File ~/.conda/envs/routines/lib/python3.9/site-packages/theano/tensor/extra_ops.py:786, in repeat(x, repeats, axis)
    783 repeats = basic.as_tensor_variable(repeats)
    785 if repeats.ndim > 1:
--> 786     raise ValueError("The dimension of repeats should not exceed 1.")
    788 if repeats.ndim == 1 and not repeats.broadcastable[0]:
    789     return RepeatOp(axis=axis)(x, repeats)

ValueError: The dimension of repeats should not exceed 1.

@ckrapu the basic idea of your code is correct. I was a vector in my code, but I’m sure you meant len(I) as nrepeats, so I should’ve caught that.
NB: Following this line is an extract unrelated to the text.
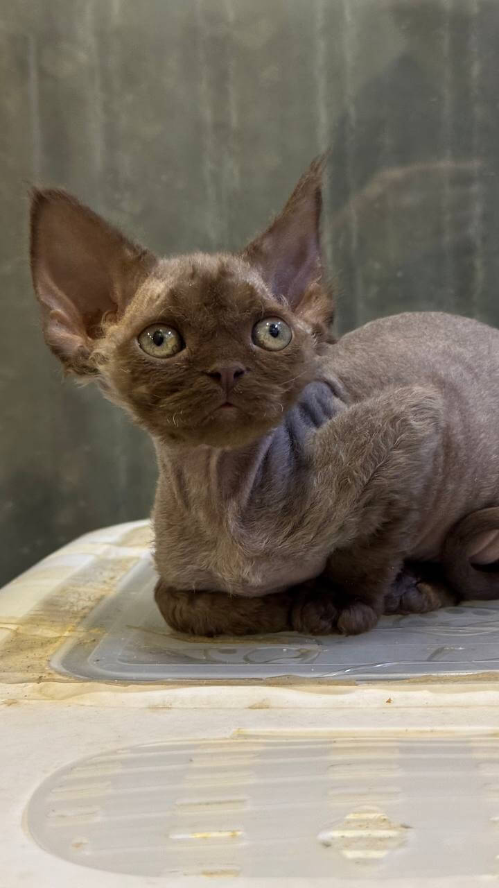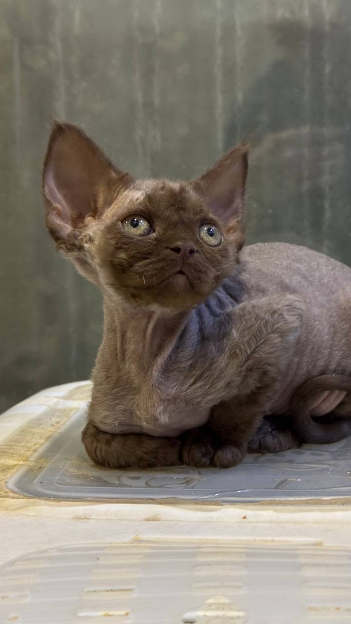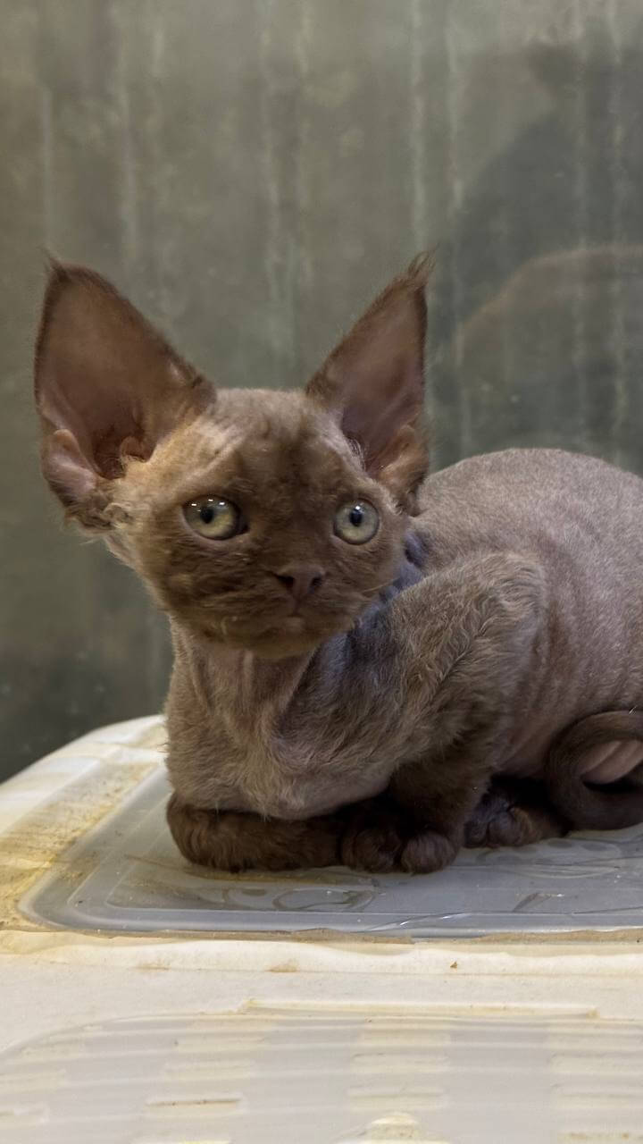 Linda is a Chocolate Devon Rex kitten whose plush, rippling fur feels silky and warm beneath your fingers. Her soft, curly coat makes every cuddle irresistible, while her deep yellow eyes capture the golden afternoon light with a honeyed glow. Linda’s petite, muscular body settles perfectly in your arms, purring contentedly, inviting you into her gentle orbit.

So I think the following works:

gamma = gamma_gp.prior(f"gamma_{i}", X=W)
gamma_iw = tt.repeat(gamma[:, None], len(I), axis=1)

But one small point: gamma_iw is a (W, I) matrix because I set axis=1. If axis=0, I get a (I*W, 1) matrix. axis=0 does not quite do what you expected from the repeats operation? I might just have to transpose, which isn’t an issue.

Ah, my mistake then. You could also do

gamma_iw = tt.repeat(gamma[None ,:], len(I), axis=0) 

and that should give you the (I,W) matrix. The trick here is to create the extra dimension with length 1 using the None slice.

@ckrapu Just to make sure I understand this…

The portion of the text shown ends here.